Jestem absolwentem Psychologii na Uniwersytecie
Jagiellońskim w Krakowie. Ukończyłem czteroletnią Szkołę
Psychoterapii Psychodynamicznej prowadzoną przez Krakowskie
Centrum Psychodynamiczne (znajdujących się pod bezpośrednią
opieką merytoryczną Dr. Piotra Drozdowskiego i szczycących
się w latach świetności unikalnym, na skalę światową,
podejściem do psychoterapii psychodynamicznej), uzyskując
Dyplom Psychoterapeuty Psychodynamicznego. Szkoła
Psychoterapii Psychodynamicznej jest rekomendowana przez
Polskie Towarzystwo Psychologiczne oraz Polskie Towarzystwo
Psychoterapii Psychodynamicznej. Jestem członkiem zwyczajnym
Polskiego Towarzystwa Psychoterapii Psychodynamicznej.
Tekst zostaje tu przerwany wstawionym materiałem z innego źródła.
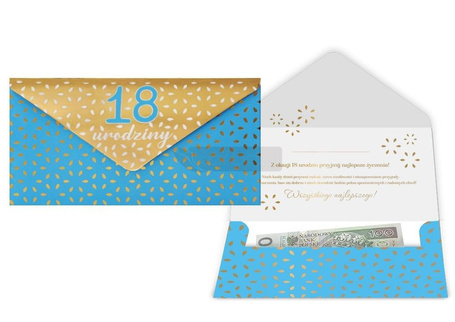 Koperta podarunkowa KOP-023 "18 urodziny" Koperta podarunkowa jest eleganckim sposobem na podarowanie bliskiej osobie banknotu lub karty podarunkowej. Koperta jest kolorowa i uszlachetniona metalizowaną folią hot-stamp, jest solidnie wykonana i wyposażona w rzep, co umożliwia jej wielokrotne otwieranie i zamykanie. Koperta zawiera życzenia w środku. Specyfikacja: wymiary: 20 x 10,5 cm (po złożeniu) wnętrze: życzenia w środku okazja: osiemnastka, urodziny Koperty są pakowane po 3 szt.

Jako psychoterapeuta pracuję od ponad 15 lat. Doświadczenie
zawodowe zdobywałem w następujących miejscach: poradnia
zdrowia psychicznego, ośrodek interwencji kryzysowej,
ośrodek pomocy społecznej, ośrodek wsparcia dziecka i
rodziny, ośrodek wsparcia i terapii rodzin, ośrodek
opiekuńczo-wychowawczy, ośrodek psychoterapii dzieci i
młodzieży, oddział rehabilitacji neurologicznej, centrum
psychologii i psychoterapii, a ponadto w prywatnej praktyce
specjalistycznej. Prowadzę psychoterapię indywidualną osób
dorosłych i młodzieży, a swoją pracę poddaję regularnej
superwizji. W sferze etyki pracy przestrzegam Kodeksu
Etyczno-Zawodowego Psychologa oraz Aksjologii
Psychoterapeuty Psychodynamicznego. Praca psychologa i
psychoterapeuty objęta jest tajemnicą zawodową.
O mnie
...Praca z ludźmi, a już w szczególności praca psychoterapeutyczna, wymaga nieustającej uważności oraz wrażliwości, i wiąże się z wielką odpowiedzialnością. W czasach nam współczesnych, gdy na świecie dokonują się fundamentalne cywilizacyjne zmiany a kulturowe osiągnięcia przestają zapewniać bezpieczeństwo i oparcie, a w konsekwencji coś, co powinno być zwyczajne i naturalne, jawi się jako puste, nieprawdziwe, instrumentalne, mające uwieść, zdobyć, posiąść, coraz częściej bronimy się nie wierząc słowom ani drugiemu. Stajemy się coraz bardziej samotni. Zobojętniali. Nierzadko dajemy się omamić temu, co najbardziej głośne, krzykliwe albo drogie. Zapobiegawczo nie dajemy sobie wiele czasu do namysłu. Tymczasem nie tak powinno być. Nie może być człowiek środkiem do celu, gdyż celem jest człowiek. Ecce homo – „oto człowiek" – jakie te słowa mają brzmienie! Jakim brzemieniem prawdy owe "oto człowiek" obarcza osobiste zaangażowanie w jego sprawy i jak doniosłą czyni relację z nim; jakie czyni przemienienie! Człowiek, który jest, który być może, który cierpi, który się broni, który się zagubił, który nie wie, który się boi, który szuka drogi; człowiek, który człowiekiem się staje. Dla mnie, będącego niegdyś uderzonym śmiałą myślą Karola Ludwika Konińskiego: "Umiesz żyć, jak powinieneś żyć, albo nie żyj!", które to zdarzenie odcisnęło na mnie wewnętrzne piętno, stwarzając poniewczasie sytuację specyficznego życiowego samookreślenia oraz bezwzględnej odpowiedzialności; oto dla mnie praca z ludźmi stanowi honor, natomiast odwzajemniona życzliwość, zainteresowanie oraz chęć wysłuchania – każdego z osobna na wskroś niepowtarzalnego i wyjątkowego – pozwalają umniejszyć taki sam rodzaj strachu, jaki jest w Tobie: czy będę potrafił Ci pomóc i czy Ci pomogę...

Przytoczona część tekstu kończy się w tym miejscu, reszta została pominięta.